Les choses étaient en cet état lorsque la disette des années 1846 et 1847 détermina une énorme importation de céréales en Angleterre, et par suite la crise monétaire, qui porta particulièrement sur l’or. Frappé de cette coïncidence remarquable, le gouvernement hollandais adopta à l’égard de l’or un parti plus absolu qu’il ne l’avait fait en 1839 ; il en proposa la démonétisation, qui fut adoptée par une loi du 26 novembre 1847. Il est certain qu’à une époque où les dépôts aurifères de la Californie et de l’Australie étaient encore inconnus ou inexploités, cette résolution avait pour elle la raison et l’expérience ; mais la facilité avec laquelle l’Angleterre et la France ont traversé la période de rareté des céréales de 1853 et 1854, grâce à l’abondance de la monnaie d’or, montre que désormais la monnaie d’argent a perdu la seule supériorité qu’elle eût.

L’exemple de la Hollande, on le voit, est sans autorité dans la question actuelle.

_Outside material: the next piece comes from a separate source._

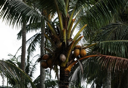 Świeże kokosy rosną na palmie. Palma z kokosami, liście palmowe i czubek drzewa. Woda kokosowa ze świeżego kokosa.

Si cette nation éclairée a donné la préférence à la monnaie d’argent, ce n’est pas par crainte de la dépréciation de l’or, que personne ne pouvait prévoir en 1839 et en 1847 : c’est pour remédier à des désordres réels et pour prévenir des dangers que des circonstances récentes avaient signalés. Il est vrai que la démonétisation, qui ne devait avoir lieu qu’à la fin de 1850, a été hâtée de quelques mois par une loi de 1849, rendue sous l’influence de la production croissante de l’or : c’eût été une négligence blâmable que d’agir autrement. L’opération une fois votée, il fallait profiter de la prime de l’or pour la réaliser plus facilement, ou au moins ne pas s’exposer à payer une prime sur l’argent qu’on devait acheter. On a beaucoup approché de ce résultat.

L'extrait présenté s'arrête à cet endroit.